**WHAT YOU SHOULD DO:** For this exercise, return only the lines in the records below from the one holding "Para o próximo" through the one holding "スタッフのうがい徹底 Gargle thoroughly", including both, exactly as they appear and without pictures.
Segment Open
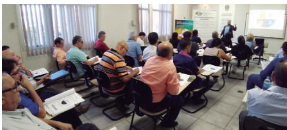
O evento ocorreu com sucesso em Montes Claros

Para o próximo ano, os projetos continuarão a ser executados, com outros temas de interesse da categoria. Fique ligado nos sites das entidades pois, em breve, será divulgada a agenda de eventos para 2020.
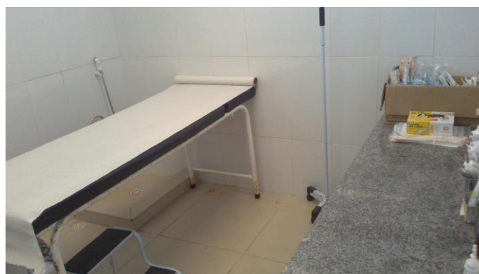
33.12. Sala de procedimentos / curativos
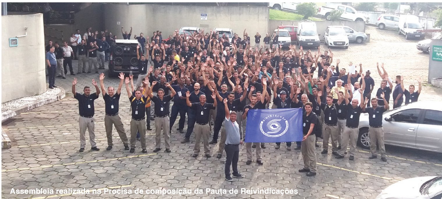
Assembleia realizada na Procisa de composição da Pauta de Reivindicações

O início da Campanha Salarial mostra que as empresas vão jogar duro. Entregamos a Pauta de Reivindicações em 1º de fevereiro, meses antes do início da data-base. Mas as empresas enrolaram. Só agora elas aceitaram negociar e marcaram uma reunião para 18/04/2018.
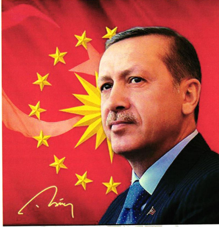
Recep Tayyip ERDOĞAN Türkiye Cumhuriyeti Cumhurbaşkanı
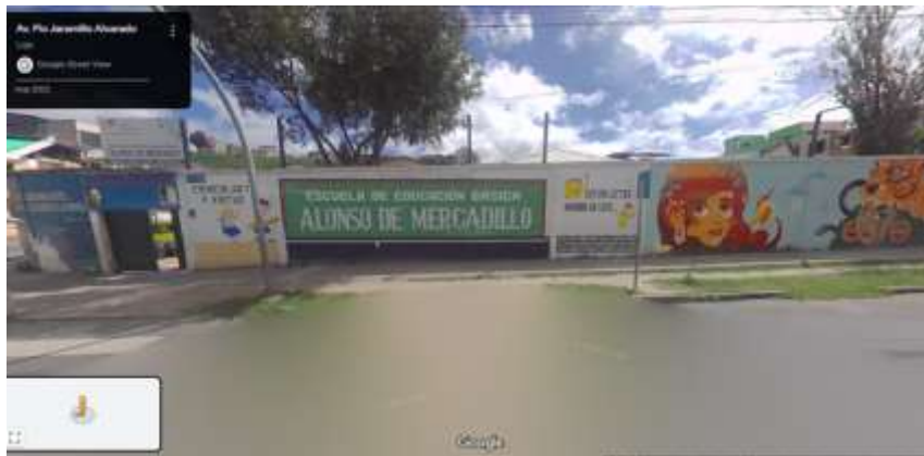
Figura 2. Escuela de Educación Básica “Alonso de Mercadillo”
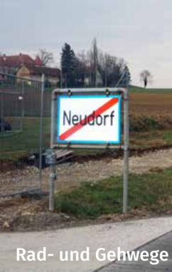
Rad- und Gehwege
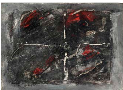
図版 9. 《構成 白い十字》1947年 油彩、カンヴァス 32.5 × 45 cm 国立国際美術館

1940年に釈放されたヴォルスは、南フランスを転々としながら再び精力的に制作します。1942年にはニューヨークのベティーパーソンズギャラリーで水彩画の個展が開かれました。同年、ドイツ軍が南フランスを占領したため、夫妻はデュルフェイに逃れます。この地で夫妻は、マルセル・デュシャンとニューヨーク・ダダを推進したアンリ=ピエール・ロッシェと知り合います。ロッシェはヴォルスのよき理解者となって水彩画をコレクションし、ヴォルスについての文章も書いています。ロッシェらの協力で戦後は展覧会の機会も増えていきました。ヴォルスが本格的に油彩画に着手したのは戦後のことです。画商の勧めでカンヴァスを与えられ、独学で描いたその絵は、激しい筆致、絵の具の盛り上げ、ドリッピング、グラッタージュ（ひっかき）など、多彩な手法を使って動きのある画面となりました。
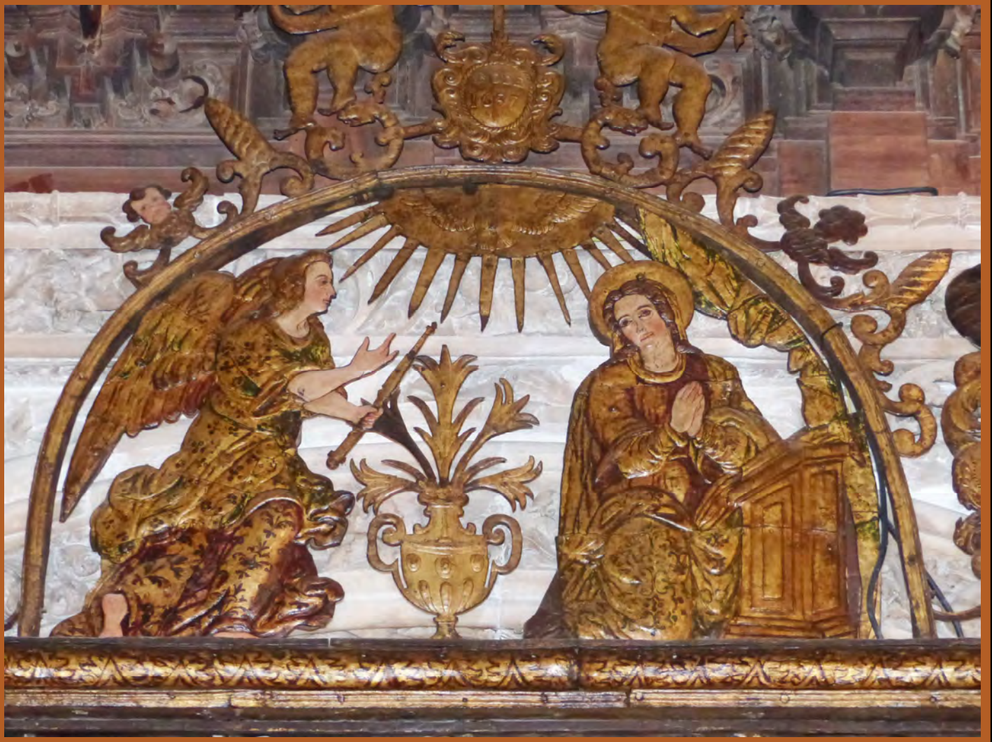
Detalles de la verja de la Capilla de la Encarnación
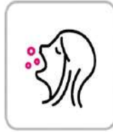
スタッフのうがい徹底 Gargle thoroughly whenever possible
Segment Closed
Segment Open
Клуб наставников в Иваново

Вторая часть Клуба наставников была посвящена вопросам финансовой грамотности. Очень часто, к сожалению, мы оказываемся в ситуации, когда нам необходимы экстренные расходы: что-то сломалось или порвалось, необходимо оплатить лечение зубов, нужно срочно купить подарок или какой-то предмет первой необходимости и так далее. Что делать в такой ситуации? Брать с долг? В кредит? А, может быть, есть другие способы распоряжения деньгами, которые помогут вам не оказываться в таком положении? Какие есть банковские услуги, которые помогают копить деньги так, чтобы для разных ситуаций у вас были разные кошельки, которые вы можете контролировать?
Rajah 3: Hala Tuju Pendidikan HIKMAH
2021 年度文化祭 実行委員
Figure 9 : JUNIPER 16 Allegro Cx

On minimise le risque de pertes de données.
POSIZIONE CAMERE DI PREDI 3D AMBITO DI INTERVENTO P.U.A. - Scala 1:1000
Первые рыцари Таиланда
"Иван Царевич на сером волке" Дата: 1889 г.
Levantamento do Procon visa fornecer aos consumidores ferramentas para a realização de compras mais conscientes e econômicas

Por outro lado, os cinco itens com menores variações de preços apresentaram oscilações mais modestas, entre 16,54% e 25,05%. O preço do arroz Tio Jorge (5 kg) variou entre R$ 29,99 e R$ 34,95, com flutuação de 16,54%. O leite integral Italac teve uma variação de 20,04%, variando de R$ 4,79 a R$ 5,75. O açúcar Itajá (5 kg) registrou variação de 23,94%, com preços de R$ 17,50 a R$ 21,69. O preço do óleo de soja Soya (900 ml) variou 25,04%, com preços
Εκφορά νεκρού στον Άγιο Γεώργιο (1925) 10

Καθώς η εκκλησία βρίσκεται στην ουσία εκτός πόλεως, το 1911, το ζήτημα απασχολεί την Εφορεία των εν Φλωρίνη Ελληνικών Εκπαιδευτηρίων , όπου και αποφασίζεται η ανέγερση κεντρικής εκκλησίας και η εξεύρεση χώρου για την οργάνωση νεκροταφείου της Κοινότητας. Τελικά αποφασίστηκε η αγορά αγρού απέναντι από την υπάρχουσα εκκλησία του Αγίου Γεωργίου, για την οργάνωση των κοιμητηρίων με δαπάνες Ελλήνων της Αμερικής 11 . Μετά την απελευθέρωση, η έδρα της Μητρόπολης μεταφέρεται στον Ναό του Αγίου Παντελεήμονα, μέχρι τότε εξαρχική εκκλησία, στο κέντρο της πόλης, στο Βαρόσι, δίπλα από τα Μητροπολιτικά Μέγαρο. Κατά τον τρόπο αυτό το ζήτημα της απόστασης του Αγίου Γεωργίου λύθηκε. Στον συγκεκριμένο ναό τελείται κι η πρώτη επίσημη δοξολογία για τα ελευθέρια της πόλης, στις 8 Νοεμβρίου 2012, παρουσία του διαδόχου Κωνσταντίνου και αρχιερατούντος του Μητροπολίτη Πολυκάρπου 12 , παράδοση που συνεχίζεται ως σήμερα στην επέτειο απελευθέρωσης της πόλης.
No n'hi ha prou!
Segment Closed
**ANSWER FOR THE TASK:**
Para o próximo ano, os projetos continuarão a ser executados, com outros temas de interesse da categoria. Fique ligado nos sites das entidades pois, em breve, será divulgada a agenda de eventos para 2020.
33.12. Sala de procedimentos / curativos
Assembleia realizada na Procisa de composição da Pauta de Reivindicações

O início da Campanha Salarial mostra que as empresas vão jogar duro. Entregamos a Pauta de Reivindicações em 1º de fevereiro, meses antes do início da data-base. Mas as empresas enrolaram. Só agora elas aceitaram negociar e marcaram uma reunião para 18/04/2018.
Recep Tayyip ERDOĞAN Türkiye Cumhuriyeti Cumhurbaşkanı
Figura 2. Escuela de Educación Básica “Alonso de Mercadillo”
Rad- und Gehwege
図版 9. 《構成 白い十字》1947年 油彩、カンヴァス 32.5 × 45 cm 国立国際美術館

1940年に釈放されたヴォルスは、南フランスを転々としながら再び精力的に制作します。1942年にはニューヨークのベティーパーソンズギャラリーで水彩画の個展が開かれました。同年、ドイツ軍が南フランスを占領したため、夫妻はデュルフェイに逃れます。この地で夫妻は、マルセル・デュシャンとニューヨーク・ダダを推進したアンリ=ピエール・ロッシェと知り合います。ロッシェはヴォルスのよき理解者となって水彩画をコレクションし、ヴォルスについての文章も書いています。ロッシェらの協力で戦後は展覧会の機会も増えていきました。ヴォルスが本格的に油彩画に着手したのは戦後のことです。画商の勧めでカンヴァスを与えられ、独学で描いたその絵は、激しい筆致、絵の具の盛り上げ、ドリッピング、グラッタージュ（ひっかき）など、多彩な手法を使って動きのある画面となりました。
Detalles de la verja de la Capilla de la Encarnación
スタッフのうがい徹底 Gargle thoroughly whenever possible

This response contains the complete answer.